The U. S. Marine Corps received today, the first of its newest close air support?
The U. S. Marine Corps received today, the first of its newest close air support jet aircraft, the AV-8A MARRIER.
The HARRIER is the only operational jet in the world with a vertical/short takeoff and landing (V/STOL) capability. Introduced into military service by the Royal Air Force in April 1969 and deployed with NATO Forces, HARRIER represents the culmination of 10 years research and development in V/STOL technology by the British government.
The Hawker-Siddeley HARRIER is a single seat, single fan-jet, transonic, light attack aircraft powered by a Rolls Royce Bristol Pegasus engine. The Pegasus turbo-fan uses thrust vectoring for translation from vertical flight to wing-borne flight.
The Marine Corps was authorized 12 HARRIERS by Congress for Fiscal Year 1970, with an additional 18 HARRIERS authorized for Fiscal Year 1971. The Marine Corps program calls for procurement of the aircraft through Fiscal Year 1974. This would provide three operational squadrons and one training squadron.
The Marine Corps will give up one F-4 squadron for each HARRIER squadron they bring aboard.

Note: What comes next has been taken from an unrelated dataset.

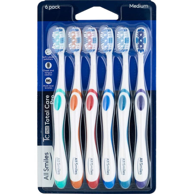 Introducing the All Smiles Total Care Pro Toothbrush Medium 6pk, your essential companion for optimal oral hygiene. This premium toothbrush is expertly designed to deliver superior dental care, ensuring a thorough clean for your teeth and gums. With medium bristles, it provides the perfect blend of gentle yet effective cleaning, making it ideal for all users seeking a healthier smile.

The HARRIER will be armed with Sidewinder missiles, 30mm guns and a variety of bombs and rockets.
The V/STOL close support jet will provide the Marine Corps with the capability to operate from amphibious ships and austere forward bases ashore close to ground troops. Old runways, roads, or any hard surfaced area can be HARRIER's base.
The initial four HARRIERS received from Hawker-Siddeley will undergo required tests at the Naval Air Test Centre, Patuxent River, Maryland. Performance, flying qualities, carrier suitability and weapons suitability will be explored. The tests are expected to be completed by mid-April.
The first operational squadron to receive the HARRIER will be Marine Attack Squadron 513 (VMA-513), Marine Corps Air Station, Beaufort, South Carolina.